Nakamura Kensuke, Qian Kun, Ando Takehiro, Inokuchi Ryota, Doi Kent, Kobayashi Etsuko, Sakuma Ichiro, Nakajima Susumu, Yahagi Naoki
Department of Emergency and Critical Care Medicine, Hitachi General Hospital, Ibaraki, Japan; Department of Emergency and Critical Care Medicine, The University of Tokyo Hospital, Tokyo, Japan.
Department of Precision Engineering, School of Engineering, The University of Tokyo, Tokyo, Japan.
Ultrasound Med Biol. 2016 Aug;42(8):1764-70. doi: 10.1016/j.ultrasmedbio.2016.03.003. Epub 2016 Apr 20.

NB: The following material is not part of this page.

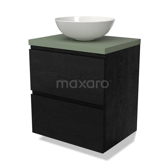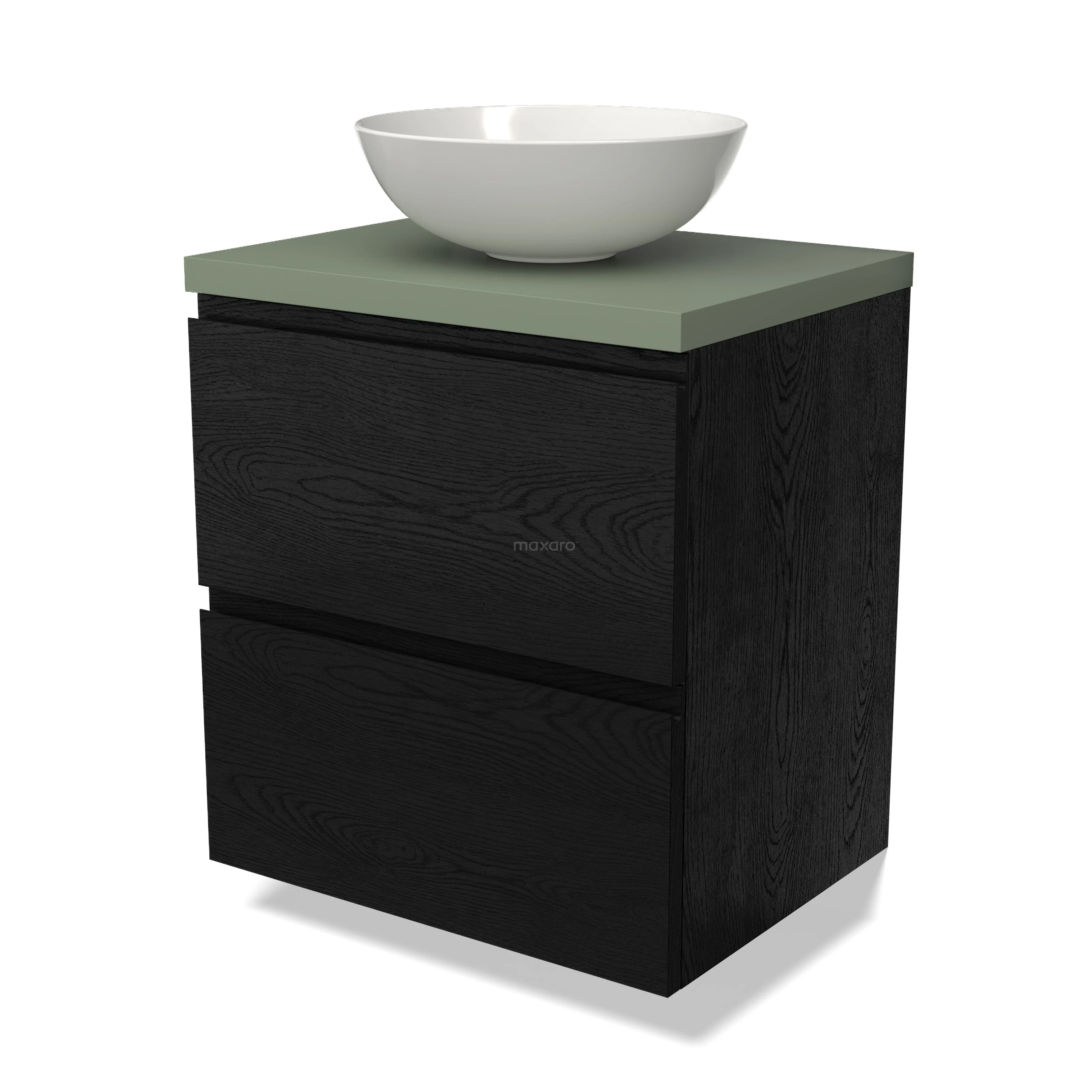 Modulo Plato Badmöbel mit Aufsatzwaschbecken | 60 cm Schwarze Eiche Grifflos front Salbeigrün blatt 2 übereinanderliegende Schubladen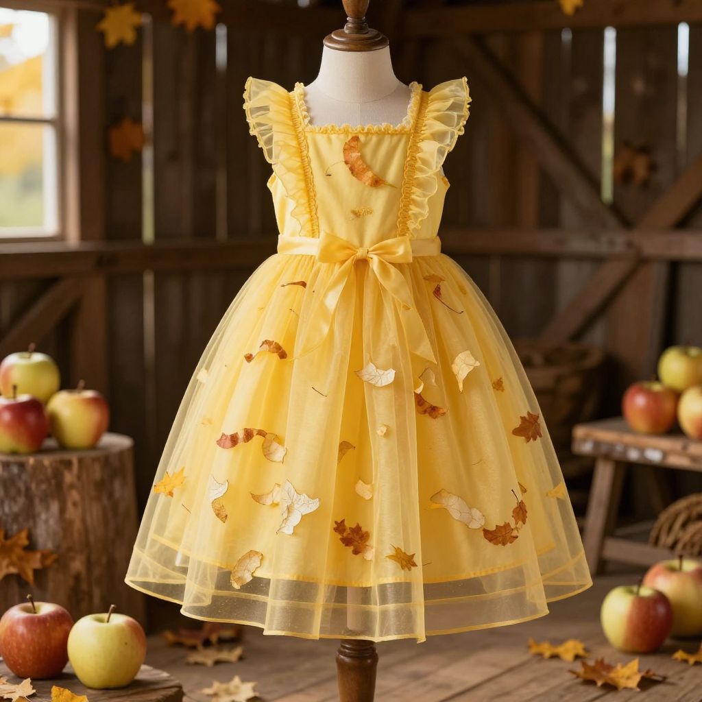 Yellow apple dress inspired by autumn harvest, layered with translucent fabric resembling apple peels, set in a rustic barn with warm, golden light and wooden accents.

Evaluations of intravascular fluid volume are considered to be one of the most important assessments in emergency and intensive care. Focusing on pulse-induced variation of the internal jugular vein (IJV) area, i.e., cardiac variation, we investigated its correlation with various hemodynamic indices using newly developed software. Software that automatically can track and analyze the IJV during ultrasonography was developed. Eleven healthy patients were subjected to an exercise load to increase their stroke volume (SV) and a dehydration load to decrease their central venous pressure (CVP). The cardiac variation in the area of the IJV, CVP, the SV and the respiratory variation in the inferior vena cava (IVC) were evaluated. The exercise protocol increased the patients' mean SV by 14.5 ± 3.7 mL, and the dehydration protocol caused their mean CVP to fall by 3.75 ± 0.33 cm H2O, which resulted in the collapse index (max IJV area - min IJV area/max IJV area) changing from 0.32 ± 0.04 to 0.44 ± 0.06 and 0.49 ± 0.04, respectively (p < 0.05). The SV exhibited a strong positive correlation with the collapse index (r = 0.59, p = 0.006), and CVP showed a strong positive correlation with the body height-adjusted mean area of the IJV (r = 0.72, p < 0.001). Cardiac variation in the area of the great veins is considered to be induced by venous return to the right atrium under negative pressure. It is possible that intravascular dehydration can be detected and hemodynamic indices, such as CVP and SV, can be estimated by evaluating cardiac variation in the area of the IJV.
血管内容量评估被认为是急诊和重症监护中最重要的评估之一。聚焦于颈内静脉(IJV)面积的脉搏诱导变化,即心脏变化,我们使用新开发的软件研究了其与各种血流动力学指标的相关性。开发了一种能在超声检查期间自动跟踪和分析IJV的软件。11名健康受试者接受运动负荷以增加其每搏输出量(SV),并接受脱水利以降低其中心静脉压(CVP)。评估了IJV面积的心脏变化、CVP、SV以及下腔静脉(IVC)的呼吸变化。运动方案使患者的平均SV增加了14.5±3.7 mL,脱水利使他们的平均CVP下降了3.75±0.33 cm H2O,这导致塌陷指数(最大IJV面积 - 最小IJV面积/最大IJV面积)分别从0.32±0.04变为0.44±0.06和0.49±0.04(p<0.05)。SV与塌陷指数呈强正相关(r = 0.59,p = 0.006),CVP与IJV的身高调整平均面积呈强正相关(r = 0.72,p<0.001)。大静脉面积的心脏变化被认为是由负压下右心房的静脉回流引起的。通过评估IJV面积的心脏变化来检测血管内脱水并估计CVP和SV等血流动力学指标是有可能的。